Main content

## Assessing the fit in least-squares regression

Current time:0:00Total duration:5:44

# Impact of removing outliers on regression lines

AP Stats: DAT‑1 (EU), DAT‑1.I (LO), DAT‑1.I.1 (EK), DAT‑1.I.3 (EK)

## Video transcript

- [Instructor] The scatterplot
below displays a set of bivariate data along with its
least-squares regression line. Consider removing the
outlier 95 comma one. So 95 comma one, we're
talking about that outlier right over there. And calculating a new
least-squares regression line. What effects would
removing the outlier have? Choose all answers that apply. Like always, pause this video and see if you could figure it out. Well let's see, even
with this outlier here, we have an upward sloping regression line. And so, it looks like our r already is going to be greater than zero. And of course, it's going
to be less than one. So our r is going to be greater
than zero and less than one. We know it's not going to
be equal one because then we would go perfectly
through all of the dots and it's clear that this
point right over here is indeed an outlier. The residual between this point
and the line is quite high.

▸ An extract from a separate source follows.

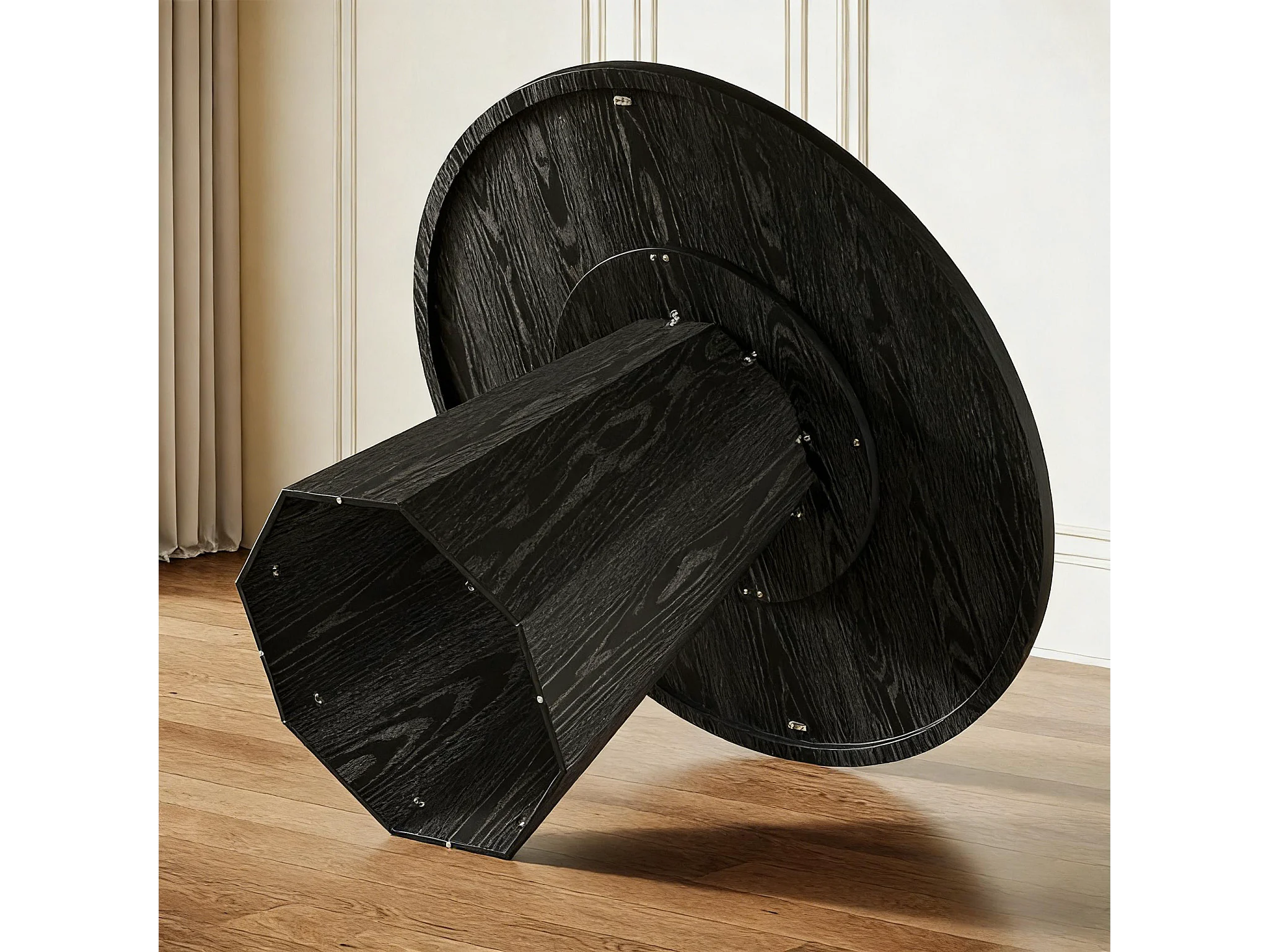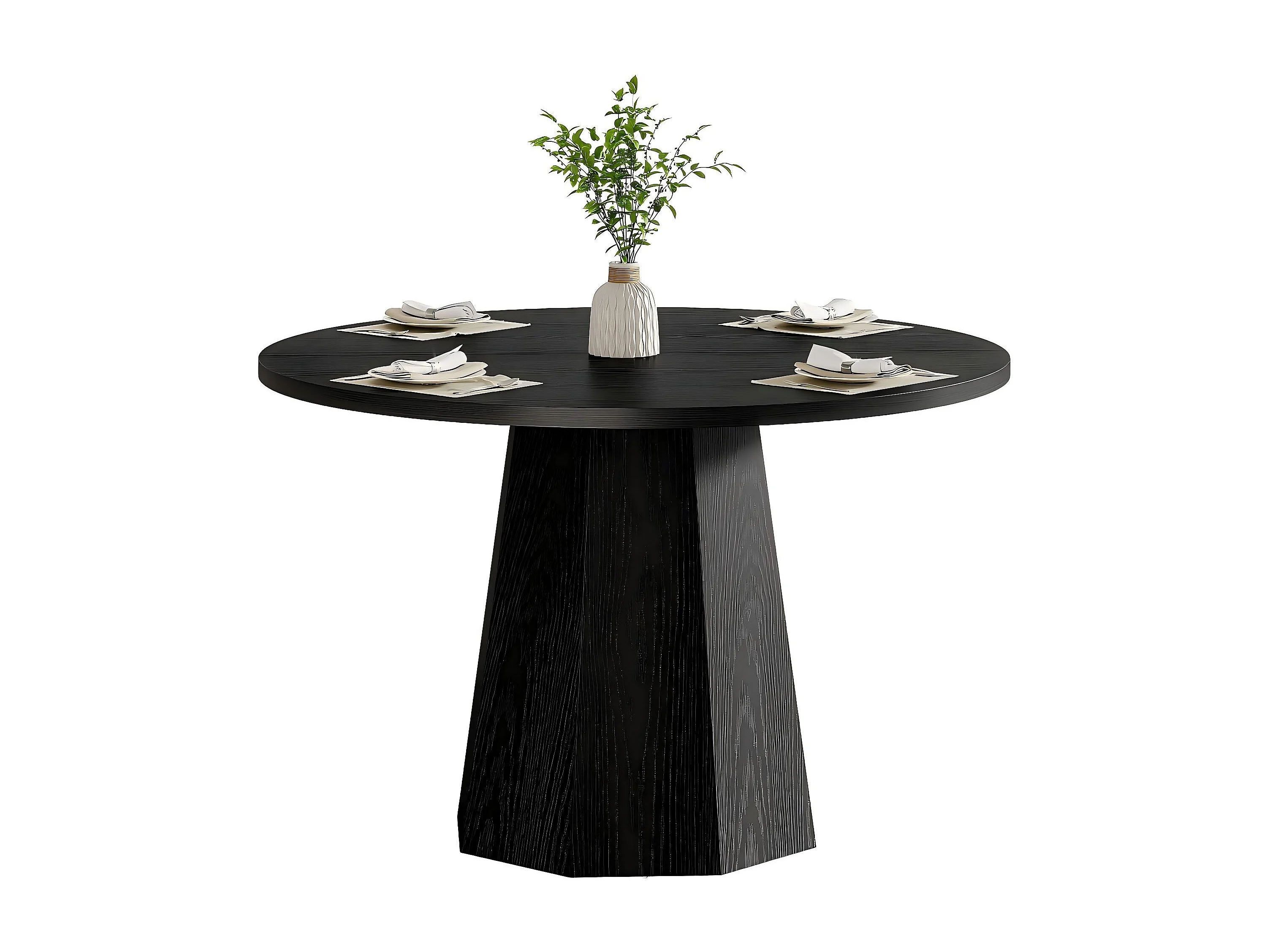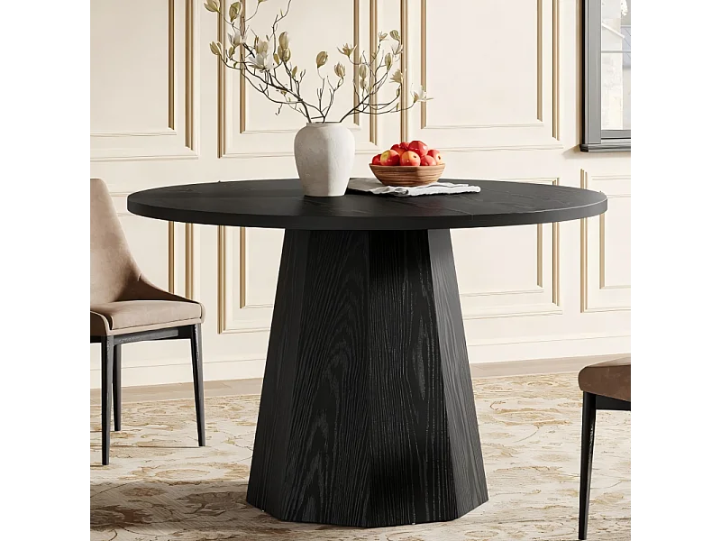 Petite table de salle à manger ronde noire de 118 cm avec piédestal incliné robuste, meuble moderne pour salle à manger, salon

We have a pretty big
distance right over here. It would be a negative residual and so, this point is definitely
bringing down the r and it's definitely
bringing down the slope of the regression line. If we were to remove this
point, we're more likely to have a line that looks
something like this, in which case, it looks
like we would get a much, a much much much better fit. The only reason why the
line isn't doing that is it's trying to get close
to this point right over here. So if we remove this outlier,
our r would increase. So, r would increase and also the slope of
our line would increase. And slope would increase. We'd have a better fit to this
positively correlated data and we would no longer
have this point dragging the slope down anymore. So let's see which choices apply. The coefficient of determination
r squared would increase. Well if r would increase,
then squaring that value would increase as well. So I will circle that. The coefficient, the
correlation coefficient r would get close to zero. No, in fact, it would get closer to one because we would have a better fit here. And so, I will rule that out. The slope of the
least-squares regression line would increase. Yes, indeed. This point, this
outlier's pulling it down. If you take it out, it'll
allow the slope to increase. So I will circle that as well. Let's do another example. The scatterplot below displays
a set of bivariate data along with its least-squares
regression line. Same idea. Consider removing the outlier
ten comma negative 18, so we're talking about that point there, and calculating a new
least-squares regression line. So what would happen this time? So as is without removing this outlier, we have a negative slope
for the regression line, so we're dealing with a negative r. So we already know that
negative one is less than r which is less than zero without
even removing the outlier. We know it's not going to be negative one. If it was negative, if r
was exactly negative one, then it would be in downward-sloping line that went exactly through
all of the points. But if we remove this point,
what's going to happen? Well, this least-squares
regression is being pulled down here by this outlier. So if you remove this point, the least-squares regression
line could move up on the left-hand side
and so you'll probably have a line that looks more like that. And I'm just hand drawing it. But even what I hand drew
looks like a better fit for the leftover points. And so, clearly the new line
that I drew after removing the outlier, this has
a more negative slope. So removing the outlier would decrease r, r would get closer to
negative one, it would be closer to being a perfect
negative correlation. And also, it would decrease the slope. Decrease the slope. Which choices match that? The coefficient of determination
r squared would decrease. So let's be very careful. R was already negative. If we decrease it, it's going
to become more negative. If you square something
that is more negative, it's not going to become smaller. Let's say before you
remove the data point, r was, I'm just gonna make up a value, let's say it was negative
0.4, and then after removing the outlier,
r becomes more negative and it's going to be
equal to negative 0.5. We'll if you square this, this would be positive 0.16 while this would be positive 0.25. So if r is already negative and if you make it more negative, it
would not decrease r squared, it actually would increase r squared. So I will rule this one out. The slope of the
least-squares regression line would increase. No, it's going to decrease. It's going to be a stronger
negative correlation. Rule that one out. The y-intercept of the
least-squares regression line would increase. Yes, by getting rid of this outlier, you could think of it as
the left side of this line is going to increase. Or another way to think about it, the slope of this line
is going to decrease, it's going to become more negative. We know that the
least-squares regression line will always go through the
mean of both variables. So we're just gonna pivot around
the mean of both variables which would mean that the
y-intercept will go higher. So I will fill that in.